Drug Interactions Become Riskier at Higher Doses

Melatonin interacts with several common medications, and higher doses amplify those interactions. If you take blood thinners, 15 mg of melatonin may increase your bleeding risk. If you use blood pressure medication, melatonin can worsen blood pressure control. For people on diabetes drugs, it can affect blood sugar levels in unpredictable ways.

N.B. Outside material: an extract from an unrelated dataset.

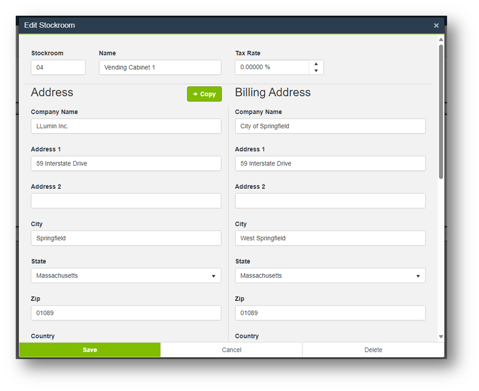 The Edit Stockroom dialog box will open. Here, you can update the address information or other important details, as shown below.

Melatonin also adds to the sedative effects of other central nervous system depressants, including anti-anxiety medications, certain pain medications, and even hormonal birth control. At 15 mg, that additive sedation is considerably stronger than at 1 or 3 mg. People on anti-seizure medications face a particular concern: melatonin may reduce the effectiveness of anticonvulsants.

What You’re Actually Getting May Vary Wildly

In the United States, melatonin is classified as a dietary supplement rather than a drug, which means it’s subject to less manufacturing oversight. A study of supplements sold in Canada found that roughly 71% of melatonin products didn’t contain the amount listed on the label, even within a generous 10% margin. The actual melatonin content varied by as much as 465% between different batches of the same product. Some supplements also contained serotonin, a related compound, at levels that could be clinically significant.

If you’re taking what you believe is 15 mg, you might actually be getting anywhere from a fraction of that to a much larger dose. This variability makes high-dose supplementation even more unpredictable.

The Risk Is Greater for Children

If a child in your household has access to melatonin, the stakes are considerably higher. Between 2012 and 2021, U.S. poison control centers recorded over 260,000 pediatric melatonin ingestions, a 530% increase over that decade. Most cases involved children under 5 who got into the bottle on their own. Nearly 4,100 children were hospitalized, 287 required intensive care, five needed mechanical ventilation, and two children under 2 years old died. Gummy and chewable formulations, which look and taste like candy, are the biggest culprits. If you keep melatonin in your home, store it out of reach the same way you would any medication.

A Better Approach to Dosing

If you’ve worked your way up to 15 mg because lower doses didn’t seem to help, that’s actually a sign that melatonin may not be the right tool for your sleep problem. Melatonin works best for circadian rhythm issues: jet lag, shift work, delayed sleep phase (when your body wants to fall asleep much later than you need to). It’s less effective for general insomnia driven by stress, anxiety, or other causes.

Try scaling back to 0.5 or 1 mg taken 30 to 60 minutes before your target bedtime. Many people find that lower doses work better precisely because they more closely mimic the body’s natural signal without overwhelming the receptors. If that doesn’t work after a couple of weeks, the issue likely isn’t a melatonin deficit, and a different approach to your sleep would be more productive.